The authors made use of three datasets - SQUAD, SNLI and VQA.


Input Reduction

The authors wanted to reduce inputs to the length which will not affect the model confidence and maintain the pathological behaviour as stated above. To achieve this, they needed to first find the least important words and then eliminate them.

Finding least important words

Neural models focus on features which are important. The authors however, wanted to focus on what is unimportant or the least important. To measure the importance of a word, they have proposed efficient gradient based approximation. By this method, the importance of a word is the dot product of the word embedding and the gradient of the model output with respect to the word embedding.

Eliminating unimportant words

Based on the importance computed from the gradient based approximation, the words with the lowest importance values are eliminated iteratively from an input. The condition for the iterative process was that the model confidence should remain unchanged.

Iterative reduction can reduce an input to a single word, reducing model output confidence. As such, the authors used beam search to find the shortest possible reduced input.
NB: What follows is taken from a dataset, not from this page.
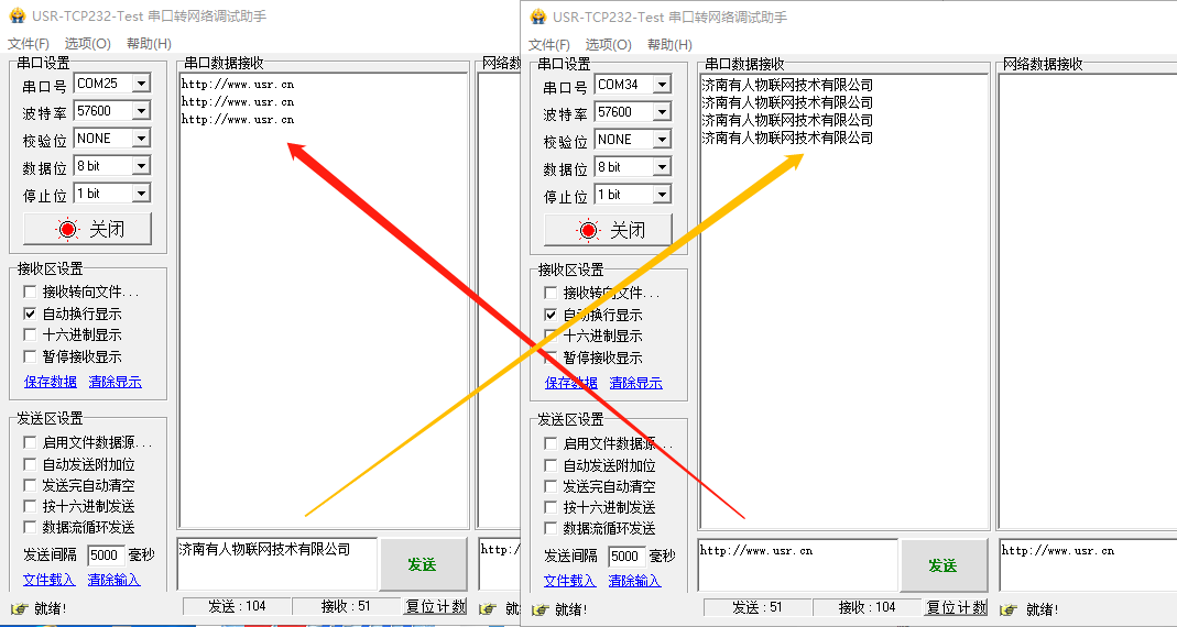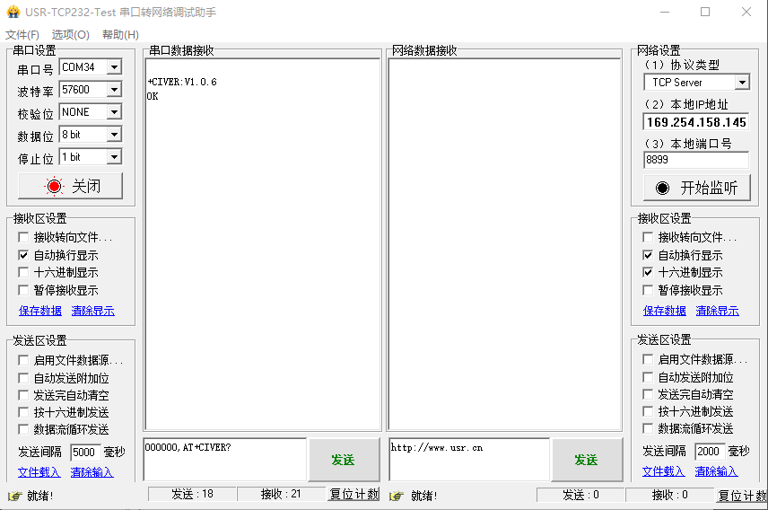 關(guān)閉AT指令設(shè)置軟件的串口后打開串口測(cè)試軟件,可以進(jìn)行數(shù)據(jù)透?jìng)魍ㄐ艤y(cè)試。

Here, they have used a threshold value \( k \) for the beam search so that the input does not get reduced further and still manages to maintain model confidence.

Human judgement

To judge how humans accuracy on the reduced inputs, the authors collect 200 correctly classified examples from each dataset, reduce them and then ask two groups of crowd workers to judge these reduced inputs. One group was asked to judge the original examples and the other was asked to check the reduced ones. The authors also wanted to know how random a reduced example would appear to a human. As such, they randomly eliminated words from examples and then asked the crowd workers to compare the original examples and their reduced counterparts.

Mitigating model pathologies

The authors propose to use entropy based regularization to mitigate the model pathologies. The goal here is to fine tune an existing model to increase maximum likelihood for original examples and also to reduce the entropy on the reduced examples.
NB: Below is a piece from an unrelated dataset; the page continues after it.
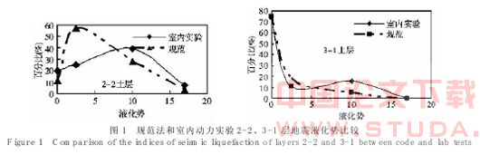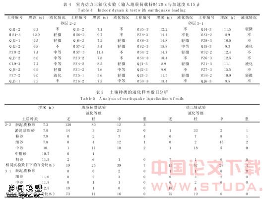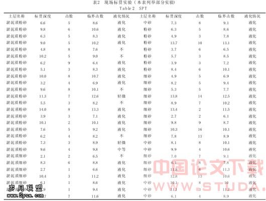 可能发生液化的土层主要是 2-2 层和 3-1 层, 随土壤种类、厚度、埋深、有无结构影响, 赋存条件的不同, 发生液化的程度和液化可能性不同, 通过现场液化和室内研究的统计分析, 提高判别的效率和准确性。

Human accuracy drops significantly when they are asked to judge reduced inputs but the neural models retain their performance. The authors state that the neural models are overfitting and as a result are overconfident of their predictions. This behaviour makes confidence an unreliable metric to judge a neural models predictions. Also, the models tend to retain their prediction performance until the input representation sees a shift in its heatmap and even a slight shift in the heatmap can significantly affect the model output. This explains how models remain confident on their prediction on reduced inputs. Post regularization, human accuracy increases in reduced examples and alongside that the crowd workers find newly generated random examples more preferable than the reduced ones they saw earlier.

Conclusion and Critical Reflection

In this paper, the authors have proposed a method which is akin to adversarial methods but use entropy based regularization to set on a different objective. Their work finds pathological behaviour in neural models and also proposes a method to mitigate the issue and also, reducing inputs to counter model overconfidence. Alongside these the authors show that confidence can not be a good measure of model prediction.

However, they do not provide any concrete information on the baseline model. Also, while discussing the results of their proposed regularization approach they fail to provide a clarification on why their regularization improved human accuracy or the necessity of the process. Since they had used randomly generated examples in that stage, the improved accuracy could have been a result of the randomness as well. On top of this, they provide no figures on how many randomly generated examples were there or how many were used in the they vs. Random experiment.